To be sure, in the short run there are some valid Keynesian reasons to think this way.  There are frictions and sticky prices, markets in disequilibrium, and (as Nick Rowe pointed out to me) Walras' Law is sometimes violated. But, in a long-run, neo-classical world, this thinking is wrong-headed.

The reason is a basic story of comparative advantage. If the government hires an american to make something, then that american is unable to spend that time and those resources to make something else. If the government is hiring an american who charges a higher price to make that thing than the price a foreigner is offering, then we know that the American is not being employed in his comparative advantage--the government has taken someone away from a task at which they are more productive and diverted them into something at which they are less productive. Domestic GDP actually declines relative to the case where the government hires the cheaper foreign contractor, as does total taxpayer wellbeing.

Now, of course when there is a shortfall in aggregate demand, the story changes a bit. Since there are lots of involuntarily unemployed Americans, we can hire one to produce something without displacing them from any more productive pursuits. Doing anything is always more productive than doing nothing. This logic is where Keynes fathomed up his coal mine story, and where Krugman's alien invasion parable came from.
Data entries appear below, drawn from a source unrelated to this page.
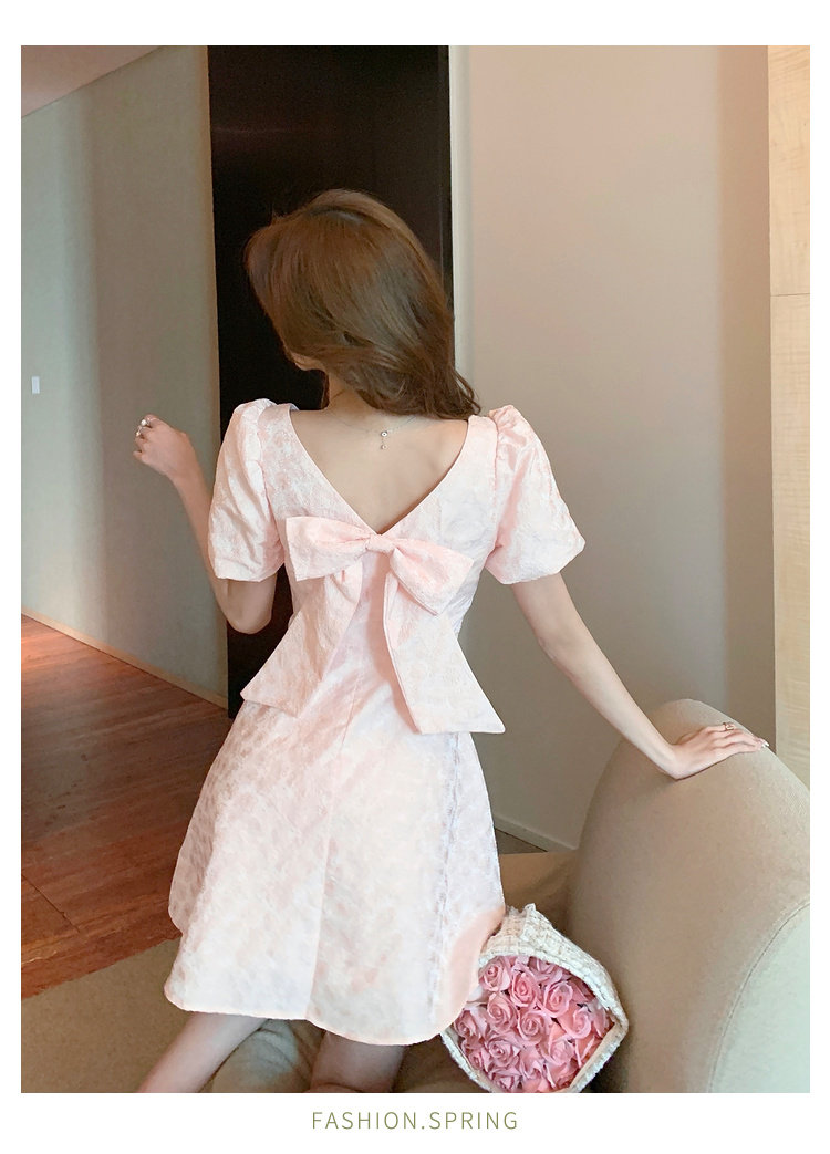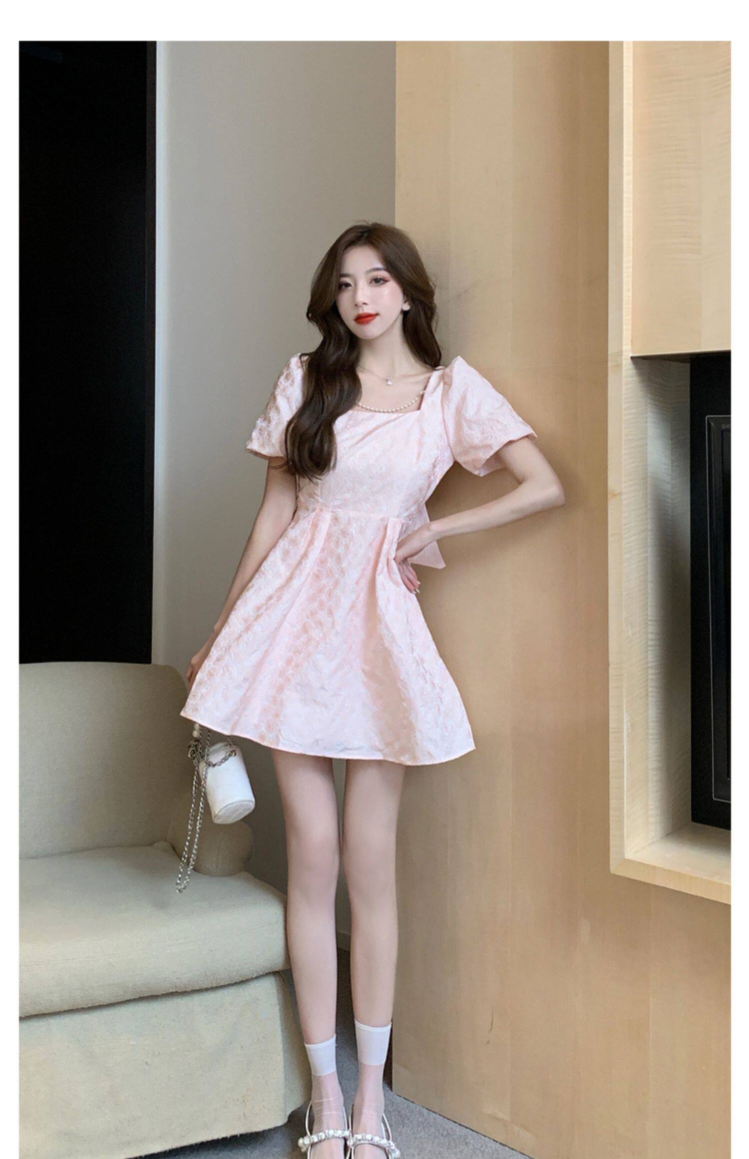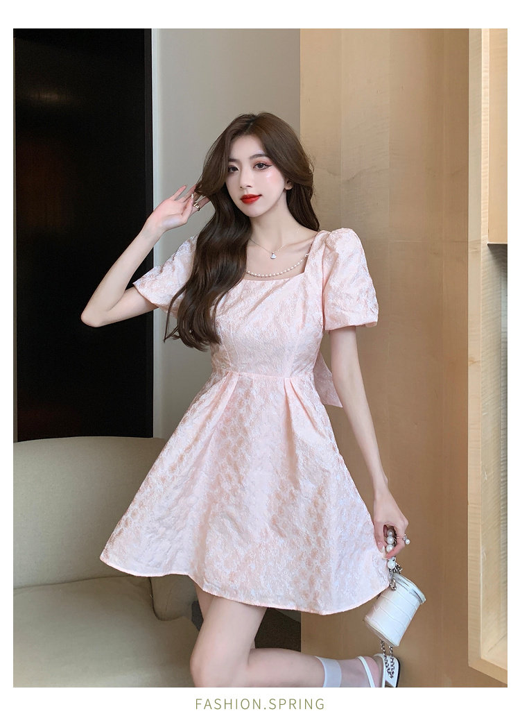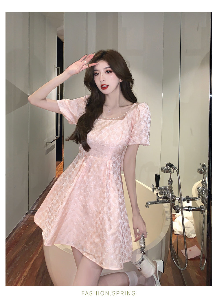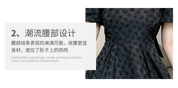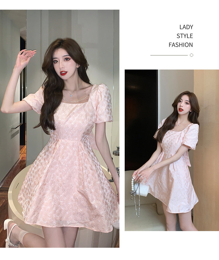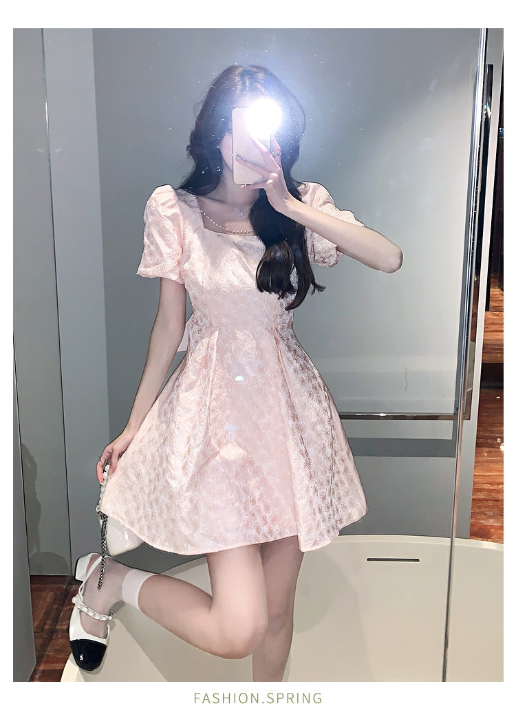 RM8860#夏季网红新款复古方领泡泡袖小黑裙设计感高腰显瘦
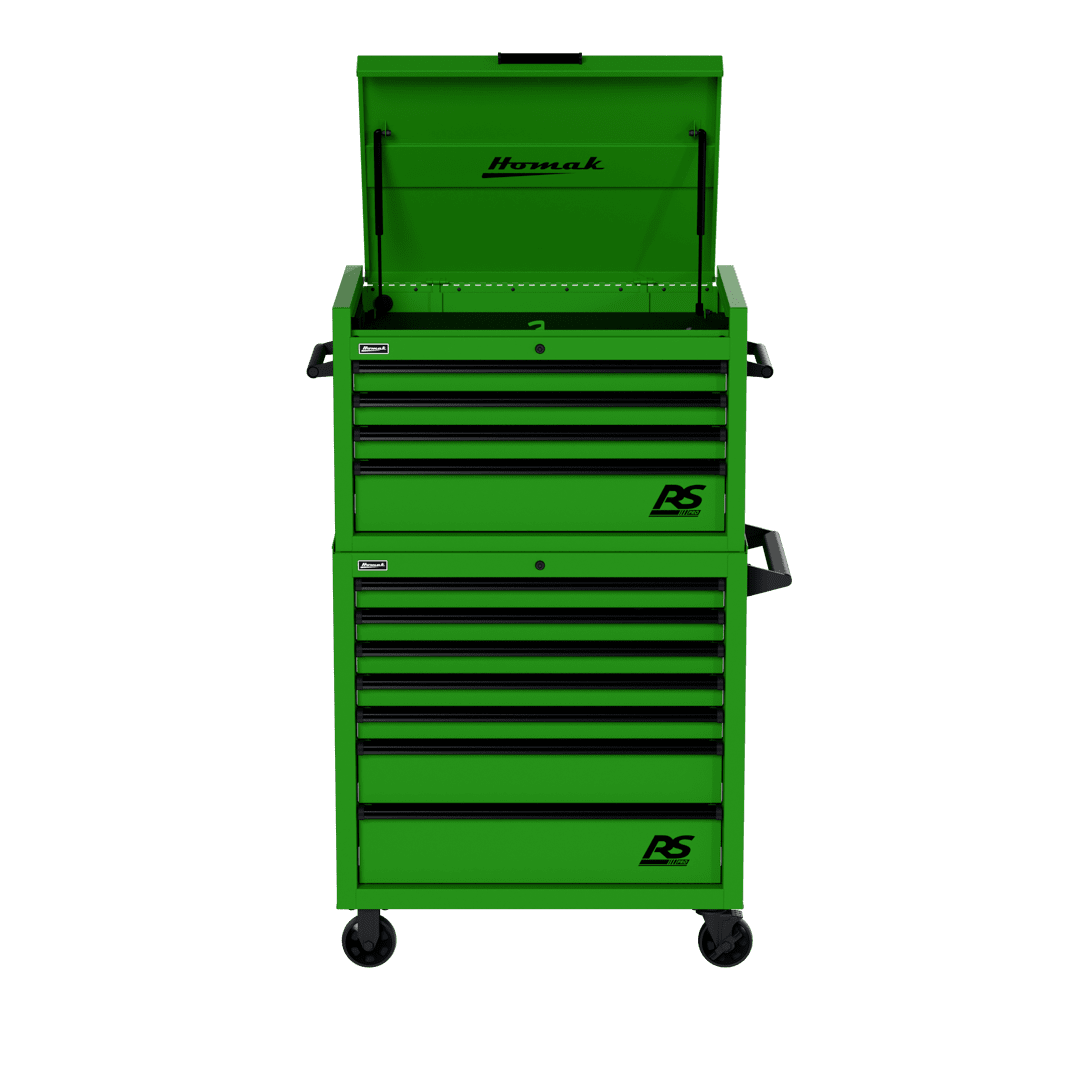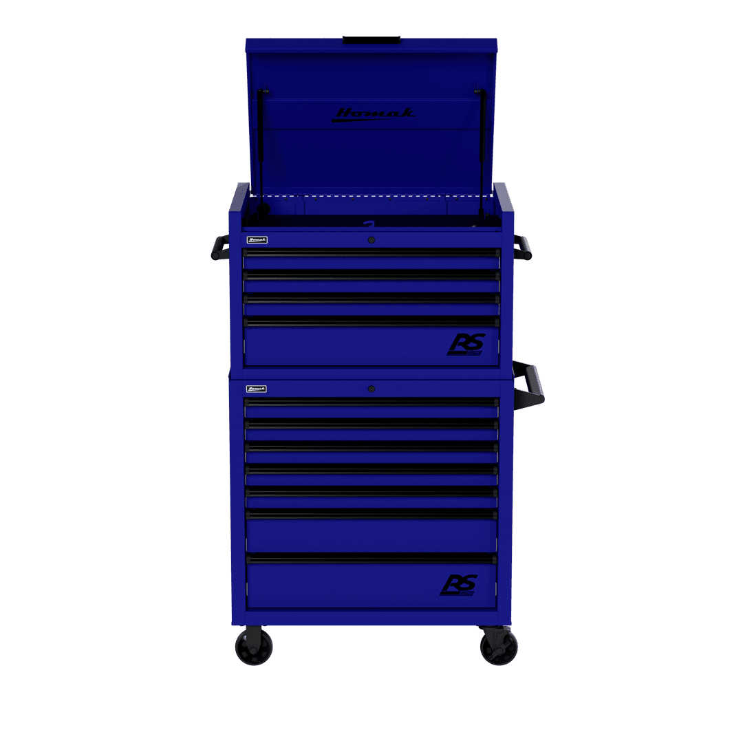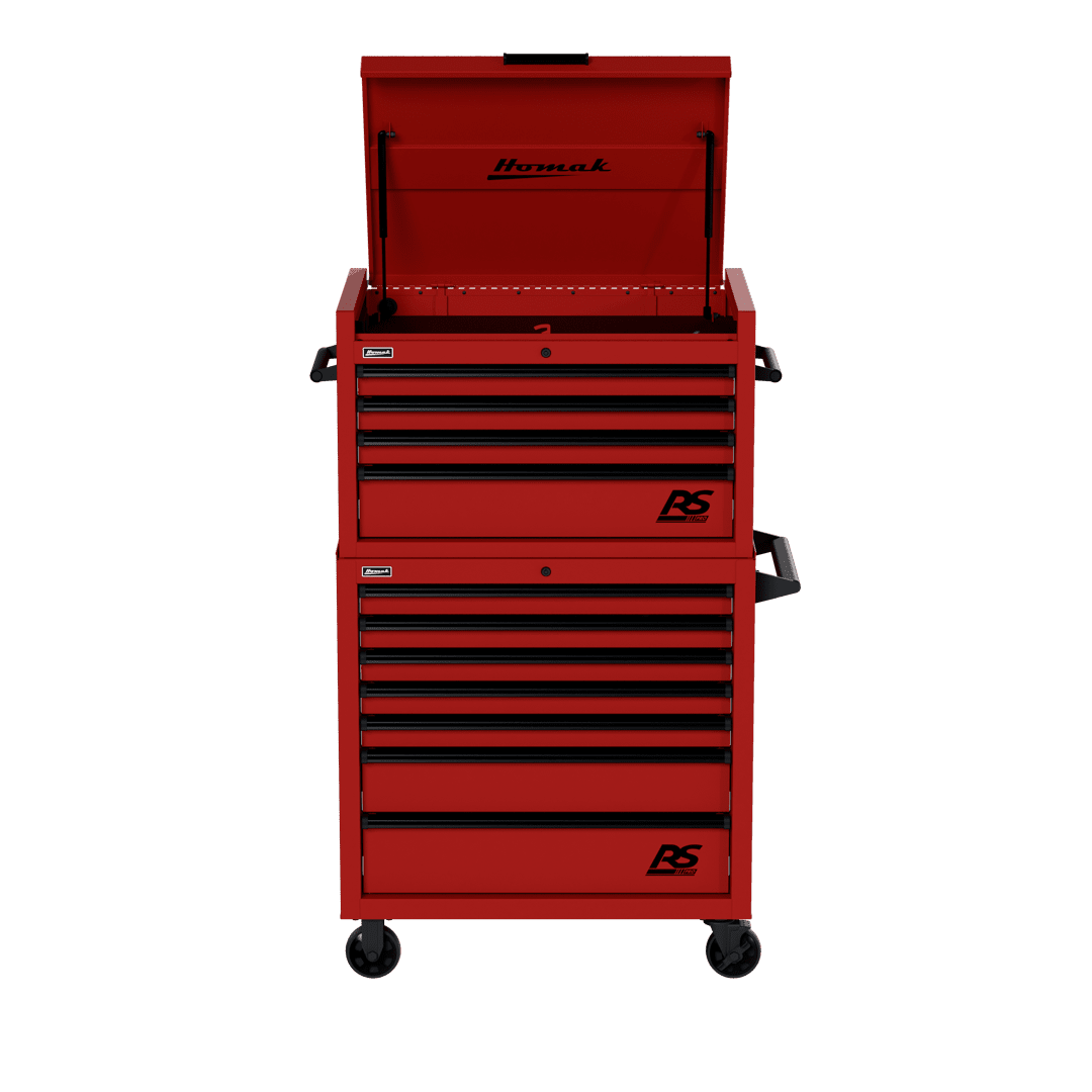 Top Chest includes four (4) drawers and lockable top till with full-extension gas struts and a power strip containing three (3) electric outlets to store and charge phones, laptops, and other devices.
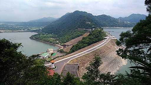 嵩台,石門水庫大壩上的制高點,設有涼亭與觀景台,展望佳,來張石門水庫寬景照。從另一側步道回到大壩。H279m |

We can state this more abstractly. In an economy with an aggregate demand shortfall, prices are not meaningful indicators of comparative advantage. The true price of hiring an unemployed american in a liquidity trap is essentially zero, automatically less than or equal to whatever price a foreign worker could possibly charge. In this regard, the amount of foreign drain from government stimulus efforts depends not just on the fraction of each dollar we spend on foreign goods and services, but also on the degree of discrepancy between equilibrium and actual prices.